Man könnte es also zusammenfassen:

Es gibt eine Sprachänderung. Der Singular setzt sich durch. Der Plural wird noch in Sprichwörtern und festen Redewendungen für den Singular verwendet, außerdem aktiv von älteren Personen. Regional scheint sich der Singular in einigen Gegenden schon so weit durchgesetzt zu haben, dass der Plural nicht mehr als Einzelstück interpretiert wird, selbst in Sprichwörtern (Beispiel: Kajjos Gegend).


----------



## Glockenblume

Resa Reader said:


> "die Hose = die Hosen" was already discussed here: http://forum.wordreference.com/showthread.php?t=581445&langid=3
> 
> I only use "die Hose" for the singular. I always thought that "die Hosen" for "one pair of trousers" was an anglicism, but apparently it isn't. There seem to be people who still use that.

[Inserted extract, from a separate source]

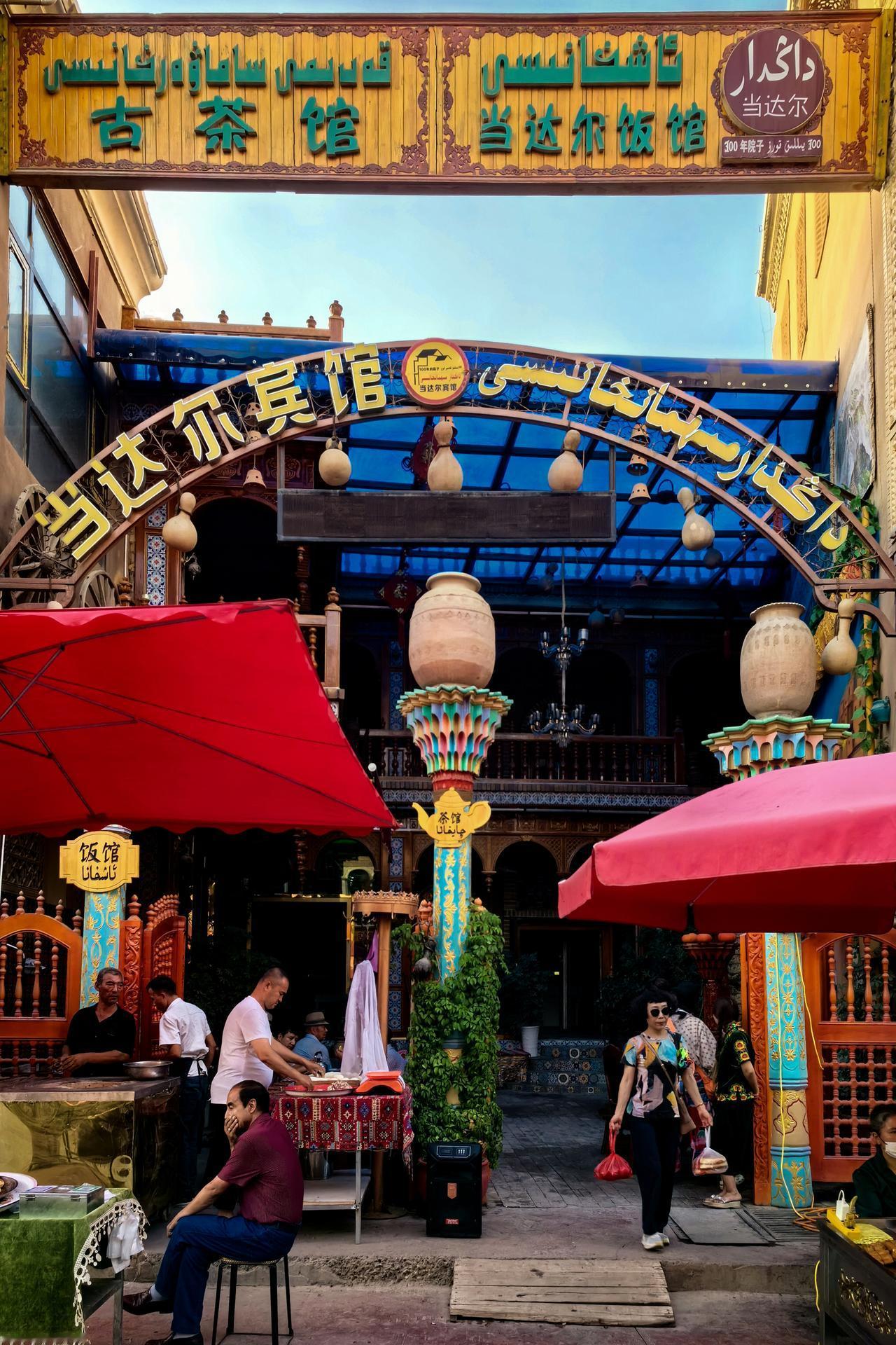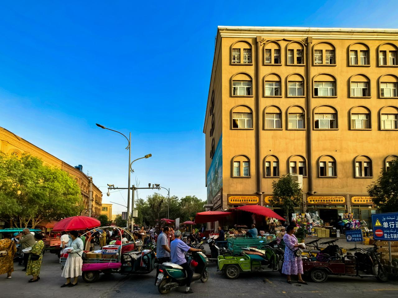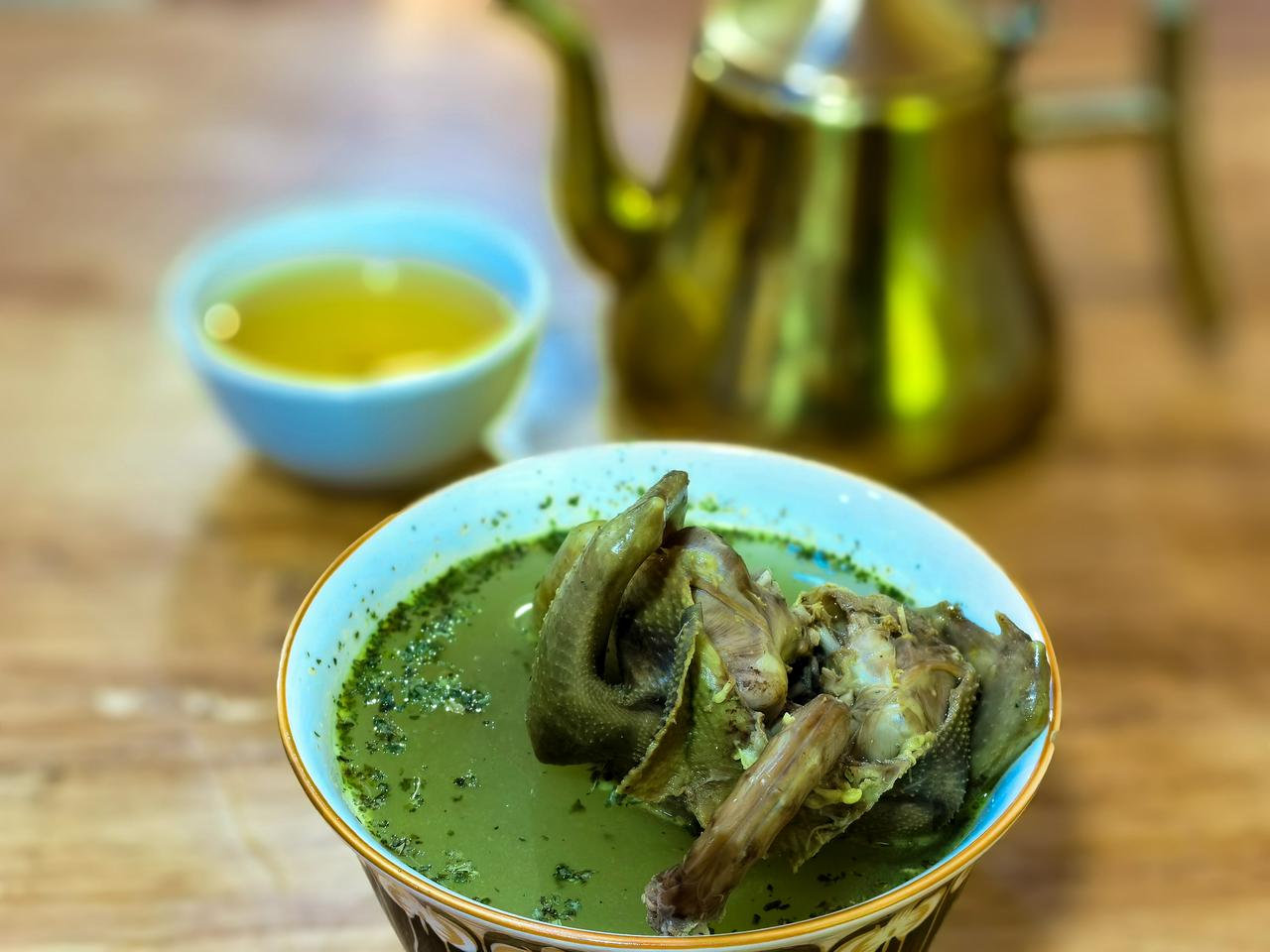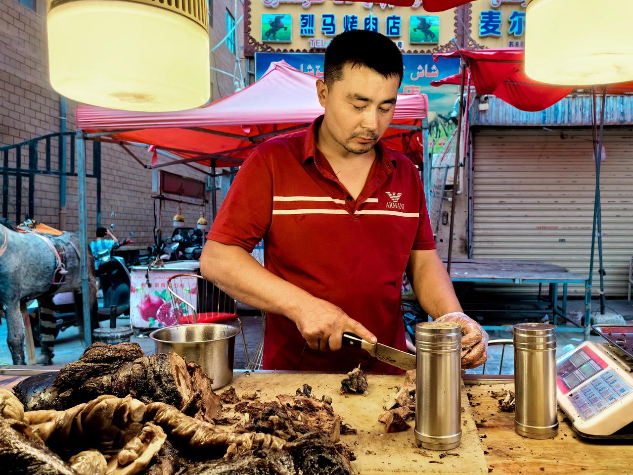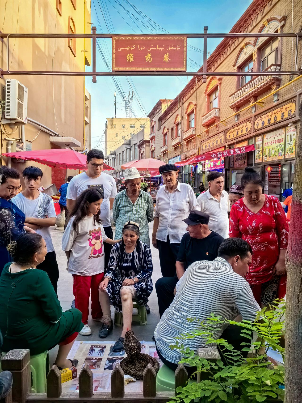 莎车人说,没有一个鸽子能飞出莎车。果然,莎车老城有一整条街,都卖鸽子汤,我就要了一碗,感觉还行,一只鸽子放在碗里,上面漂着一层绿色的什么调料。必须要声明,我觉得莎车人做鸽子的水平,还是不如广州。 整体而言,莎车老城有点像喀什,但没有喀什那么商业化,能感受到莎车的以前。莎车府、十二木卡姆,叶儿羌汗国王陵,或者路边的茶馆、马肉店、乐器店、手工作坊,甚至有人拉着羊在街头走过,是不是觉得很莎车? 一群人聚集在维药巷口(图8),似乎有什么热闹可看?我从人缝里挤进去,原来有个壮汉在摆摊,他正在指着一条盘起来的假蛇介绍维吾尔药。一位戴着四角帽的阿姨,挽起裤管,露出腿上的一个大包,让这汉子治疗。我突然记起,已经有些年头没看到这种膏药摊了,在莎车遇见,仿佛又回到过去。#秋日生活打卡季#

Is "die Hosen" for "one pair of trousers" an anglicism, an older form or a regionalism?

In any case, I think it *can* be an regionalism: not in the form of a plurial which replaces singular, but in form of a *singular ending by *_*-n*.
_In my dialect, a lot of singular words end by_ -n/m:_
_di Husn (= Hose), di Jaggn (=Jacke), di Subbm (= Suppe), di Daschn (= Tasche), di Bärschdn (=Bürste), ...
_


----------



## Resa Reader

Glockenblume said:


> Is "die Hosen" for "one pair of trousers" an anglicism, an older form or a regionalism?
> 
> In any case, I think it *can* be an regionalism: not in the form of a plurial which replaces singular, but in form of a *singular ending by *_*-n*.
> _In my dialect, a lot of singular words end by_ -n/m:_
> _di Husn (= Hose), di Jaggn (=Jacke), di Subbm (= Suppe), di Daschn (= Tasche), di Bärschdn (=Bürste), ...
> _



In my dialect I would use similar forms ending in "-n" or even "m", but - as you - I would always regard them as singular forms. (_d'Hosn, d'Jackn, d'Suppm, 'Daschn, d'Büaschdn_)


----------



## bearded

In German, is it possible that this trend towards _Hosen_ instead of _Hose_ is due to the influence of near-by languages, like French (les pantalons) or Italian (i calzoni/i pantaloni)? It seems to me that it is the same phenomenon as with _Haare_ instead of _Haar:  er hat blondes Haar > er hat blonde Haare _(cheveux blonds/capelli biondi).
_Er trägt lange Hosen_ (porta i pantaloni lunghi).


----------



## cuore romano

Where I live I haven't noticed any trend so far. So I think it's just a regionalism.
I only use and hear _Er trägt *nur/immer* lange Hosen_.


----------



## Gernot Back

cuore romano said:


> I only use and hear _Er trägt *nur/immer* lange Hosen_.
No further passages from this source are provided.